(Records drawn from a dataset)
====

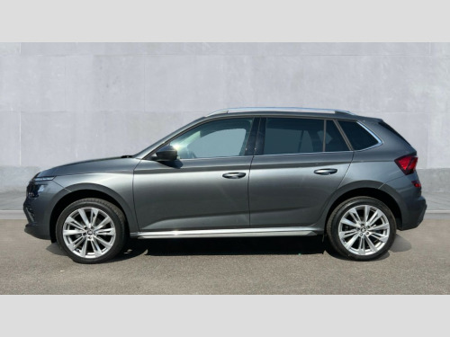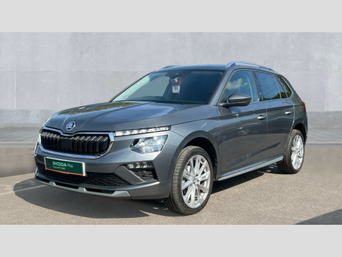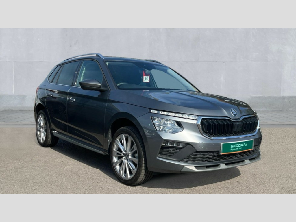 Skoda Kamiq 1.0 TSI SE L Edition 5dr DSG Advanced driver attention and drowsiness monitor, Bluetooth system, E-call, Front assist system, PAS, Rear parking sensors, Rear view camera, Service indicator, Speed limiter, Traffic sign recognition, Virtual cockpit with 10.25" display, Voice control system, Wireless smartlink, 4 USB C ports, 8 Speakers, 9.2" Skoda navigation display, DAB Digital radio, Auto dimming rear view mirror, Automatic headlight control with coming home and leaving home feature, Body colour bumpers, Body colour door mirrors and handles, Chrome grille surround, Chrome roof rails with chrome window surround, Front and rear electric windows, Heated rear window, LED daytime running lights, LED high beam, LED low beam, LED third brake light, Light sensors, Privacy glass, Rear side wing doors, Rear wiper, Ticket holder inside windscreen, 12V socket in luggage compartment, 3 seat bench in 2nd row, Accent black door inserts, Ambient lighting in white/red, Cargo elements, Chrome inner door handles, Copper hotstamping, Driver and passenger sun visors with vanity mirror, Dual zone climate control, Front and rear roof lights, Front centre armrest, Front head restraints, Glove compartment with illumination, Height adjustable driver seat, Height adjustable front passenger seat, Ice scraper, Inner circulation control with pollen filter, ISOFIX on front passenger seat, Isofix preparation for back seats, Leather gearknob and handbrake lever, Lodge cloth upholstery, Manual lumbar support for front seats, Net package and top tether hooks in boot space, Net under rear shelf, Overhead glasses storage compartment, Pocket on the back of both front seats include mobile phone pockets, Rake/reach adjustable steering wheel, Reading lights, Rear centre armrests, Single front passenger seat, Suedia grey decor inserts, Textile floor mats, Third rear headrest, Top tether for front passenger seat, Umbrella in driver's door, Convenience pack - Kamiq, 3x3 point rear seatbelts, Airbags - driver and front passenger, Disc brakes, ESP, Extended and predictive pedestrian/cyclist protection, Front passenger airbag deactivation switch, Front side airbags with curtain airbags, Hill hold control, Manual leather parking brake, Manual rear child locks, One tone horn, Seatbelt reminder for driver an co-driver, Traction control, Tyre pressure monitor, Anti-theft alarm system with interior monitoring, backup horn, towing protection and remote central locking with SAFE system, Anti-theft wheel bolts, Electronic engine immobilizer
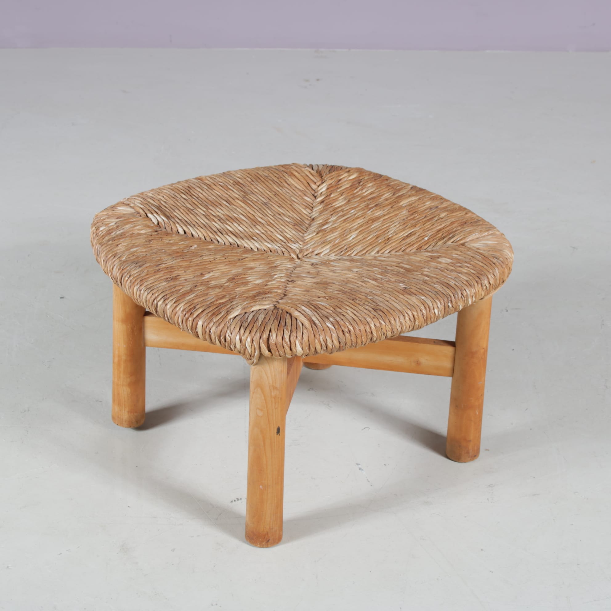 2511 2 (75) m28138 1950s Pine wooden stool with rush upholstery Wim den Boon Netherlands
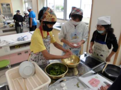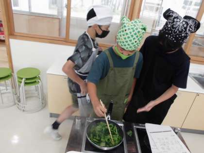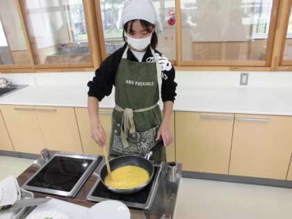 6年生は、朝食に合うおかずをグループで考えて、調理実習を行いました。30分以内でできて、栄養バランスのよいおかずがテーマです。
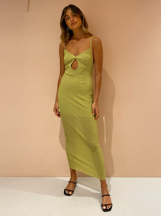 Celebrate a day full of compliments and flattering sculptural silhouettes in the Plisse Maxi Dress in Pistachio by Bec + Bridge.
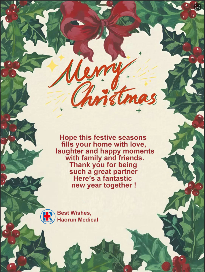 Con l'avvicinarsi del Natale e del nuovo anno, Haorun Medical, attore chiave nel settore del commercio medico globale, porge calorosi auguri di buone feste a tutti i dipendenti, partner, clienti e sostenitori. Questa stagione festiva è un momento di gratitudine e celebrazione, e anche un nuovo punto di partenza per l’azienda per continuare la sua missione di facilitare il flusso di risorse mediche di alta qualità e promuovere lo sviluppo sanitario globale.
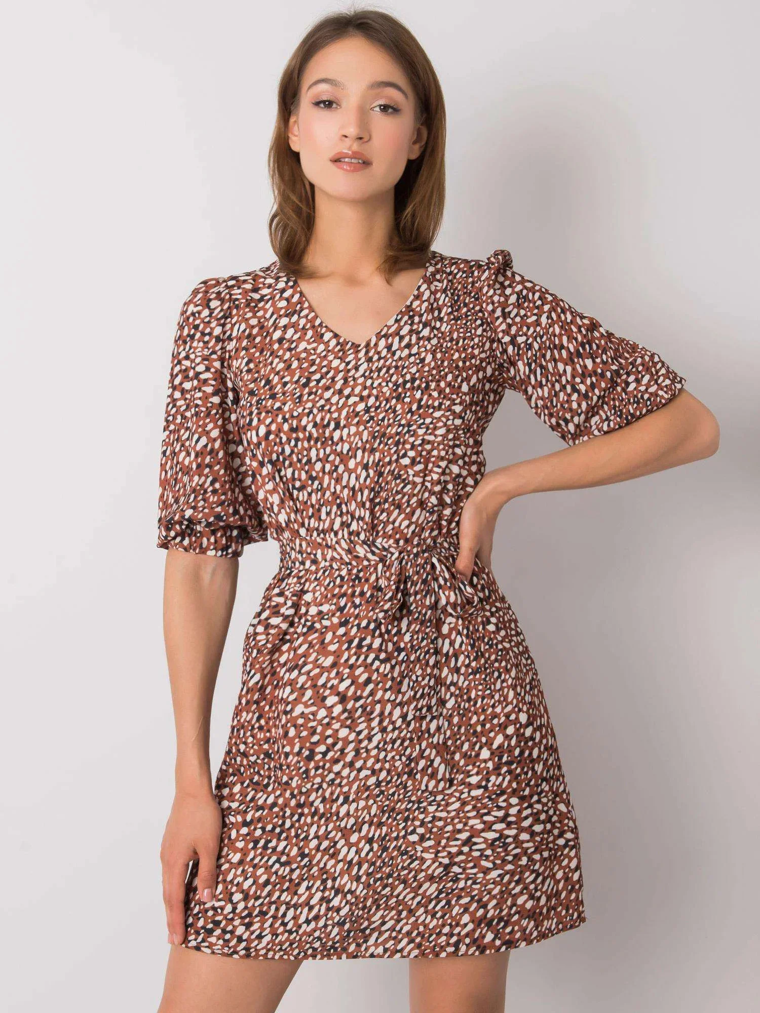 Hnědé vzorované šaty s páskem.
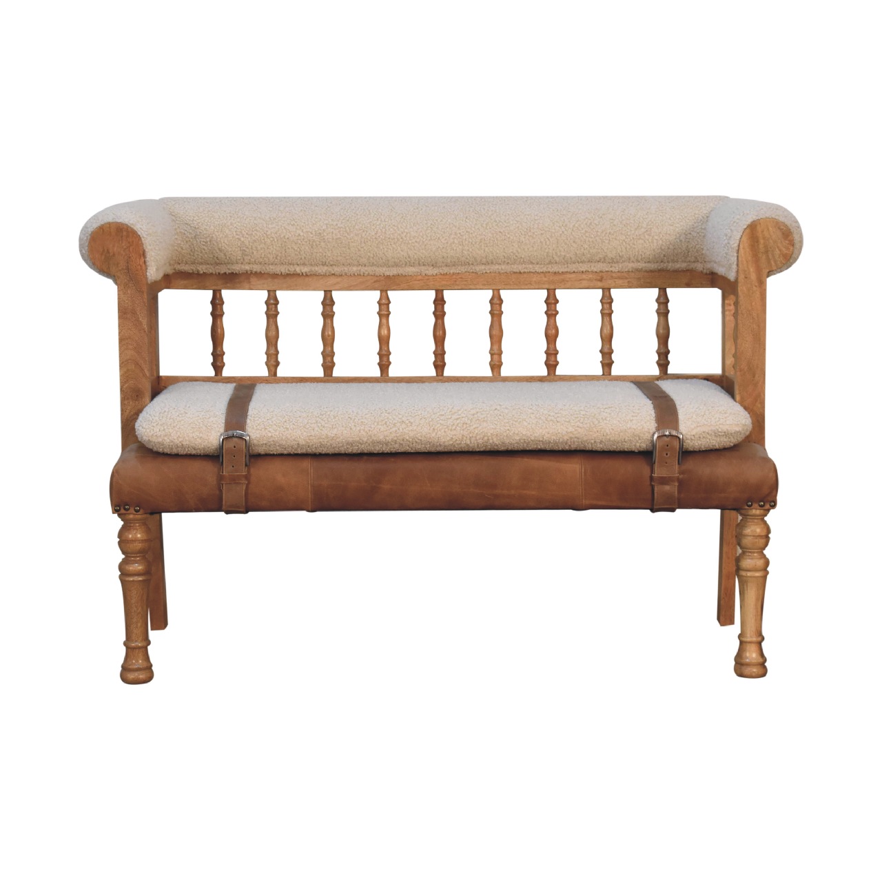Elevate your home’s entryway with this exquisite carved hallway bench, a perfect blend of luxury and craftsmanship. Crafted from 100% solid mango wood, it boasts a rich oak-inspired finish that highlights the natural beauty of the wood grain. The seat and backrest are elegantly upholstered in sumptuous 100% cream boucle fabric, offering both comfort and style. Accentuated with genuine buffalo leather buckle straps that can be fastened or undone for a customizable look, this bench also features beautifully hand-turned front legs, adding a touch of timeless sophistication to your living space.
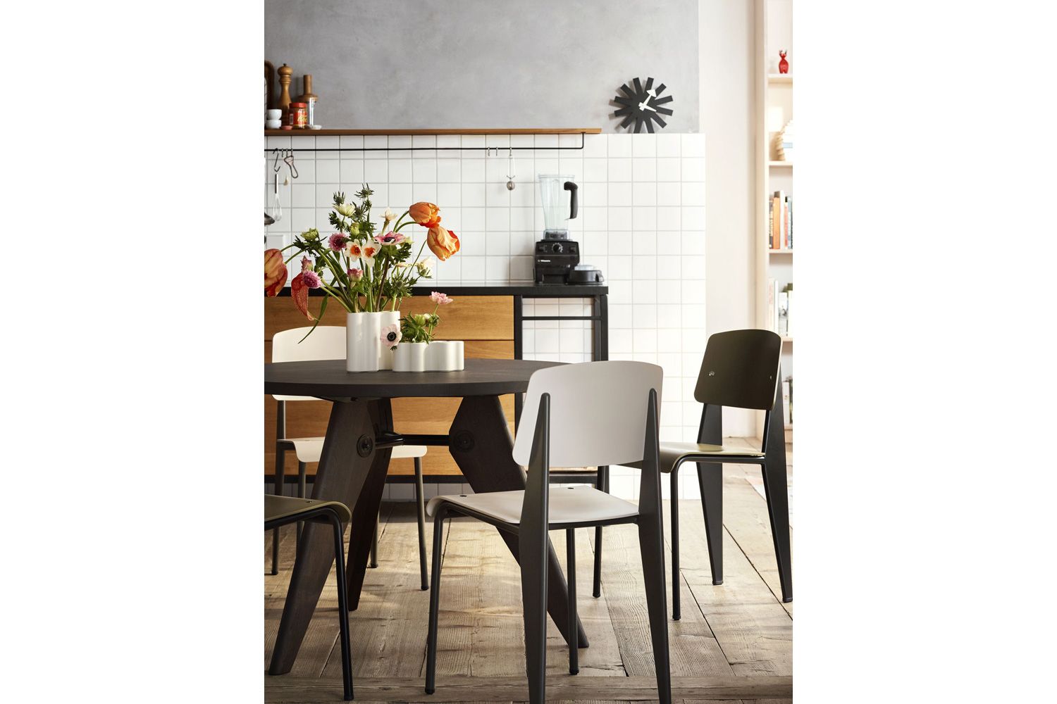 Vitra(ヴィトラ)は店舗什器を製造していたウィリー・フェルバウムによって1950年に創設されたスイスの家具メーカーです。ヴィトラは人間工学に基づいた家具作りを研究し、その確かな技術はオフィス家具のみならず、ホームユース家具やインテリアアクセサリーにも反映されています。ジョージ・ネルソンの「ウォール クロック」やジャン・プルーヴェ「スタンダード」、イサム・ノグチ「コーヒー テーブル」などの名作を復刻し、またジャスパー・モリソンやロナン&エルワン・ブルレックなど、現代のデザイナーたちによる最新家具を揃えています。

====

### WHAT TO PRODUCE
Retype the records above line for line and exactly, omitting their pictures.

### RESPONSE AREA
 Skoda Kamiq 1.0 TSI SE L Edition 5dr DSG Advanced driver attention and drowsiness monitor, Bluetooth system, E-call, Front assist system, PAS, Rear parking sensors, Rear view camera, Service indicator, Speed limiter, Traffic sign recognition, Virtual cockpit with 10.25" display, Voice control system, Wireless smartlink, 4 USB C ports, 8 Speakers, 9.2" Skoda navigation display, DAB Digital radio, Auto dimming rear view mirror, Automatic headlight control with coming home and leaving home feature, Body colour bumpers, Body colour door mirrors and handles, Chrome grille surround, Chrome roof rails with chrome window surround, Front and rear electric windows, Heated rear window, LED daytime running lights, LED high beam, LED low beam, LED third brake light, Light sensors, Privacy glass, Rear side wing doors, Rear wiper, Ticket holder inside windscreen, 12V socket in luggage compartment, 3 seat bench in 2nd row, Accent black door inserts, Ambient lighting in white/red, Cargo elements, Chrome inner door handles, Copper hotstamping, Driver and passenger sun visors with vanity mirror, Dual zone climate control, Front and rear roof lights, Front centre armrest, Front head restraints, Glove compartment with illumination, Height adjustable driver seat, Height adjustable front passenger seat, Ice scraper, Inner circulation control with pollen filter, ISOFIX on front passenger seat, Isofix preparation for back seats, Leather gearknob and handbrake lever, Lodge cloth upholstery, Manual lumbar support for front seats, Net package and top tether hooks in boot space, Net under rear shelf, Overhead glasses storage compartment, Pocket on the back of both front seats include mobile phone pockets, Rake/reach adjustable steering wheel, Reading lights, Rear centre armrests, Single front passenger seat, Suedia grey decor inserts, Textile floor mats, Third rear headrest, Top tether for front passenger seat, Umbrella in driver's door, Convenience pack - Kamiq, 3x3 point rear seatbelts, Airbags - driver and front passenger, Disc brakes, ESP, Extended and predictive pedestrian/cyclist protection, Front passenger airbag deactivation switch, Front side airbags with curtain airbags, Hill hold control, Manual leather parking brake, Manual rear child locks, One tone horn, Seatbelt reminder for driver an co-driver, Traction control, Tyre pressure monitor, Anti-theft alarm system with interior monitoring, backup horn, towing protection and remote central locking with SAFE system, Anti-theft wheel bolts, Electronic engine immobilizer
 2511 2 (75) m28138 1950s Pine wooden stool with rush upholstery Wim den Boon Netherlands
 6年生は、朝食に合うおかずをグループで考えて、調理実習を行いました。30分以内でできて、栄養バランスのよいおかずがテーマです。
 Celebrate a day full of compliments and flattering sculptural silhouettes in the Plisse Maxi Dress in Pistachio by Bec + Bridge.
 Con l'avvicinarsi del Natale e del nuovo anno, Haorun Medical, attore chiave nel settore del commercio medico globale, porge calorosi auguri di buone feste a tutti i dipendenti, partner, clienti e sostenitori. Questa stagione festiva è un momento di gratitudine e celebrazione, e anche un nuovo punto di partenza per l’azienda per continuare la sua missione di facilitare il flusso di risorse mediche di alta qualità e promuovere lo sviluppo sanitario globale.
 Hnědé vzorované šaty s páskem.
Elevate your home’s entryway with this exquisite carved hallway bench, a perfect blend of luxury and craftsmanship. Crafted from 100% solid mango wood, it boasts a rich oak-inspired finish that highlights the natural beauty of the wood grain. The seat and backrest are elegantly upholstered in sumptuous 100% cream boucle fabric, offering both comfort and style. Accentuated with genuine buffalo leather buckle straps that can be fastened or undone for a customizable look, this bench also features beautifully hand-turned front legs, adding a touch of timeless sophistication to your living space.
 Vitra(ヴィトラ)は店舗什器を製造していたウィリー・フェルバウムによって1950年に創設されたスイスの家具メーカーです。ヴィトラは人間工学に基づいた家具作りを研究し、その確かな技術はオフィス家具のみならず、ホームユース家具やインテリアアクセサリーにも反映されています。ジョージ・ネルソンの「ウォール クロック」やジャン・プルーヴェ「スタンダード」、イサム・ノグチ「コーヒー テーブル」などの名作を復刻し、またジャスパー・モリソンやロナン&エルワン・ブルレックなど、現代のデザイナーたちによる最新家具を揃えています。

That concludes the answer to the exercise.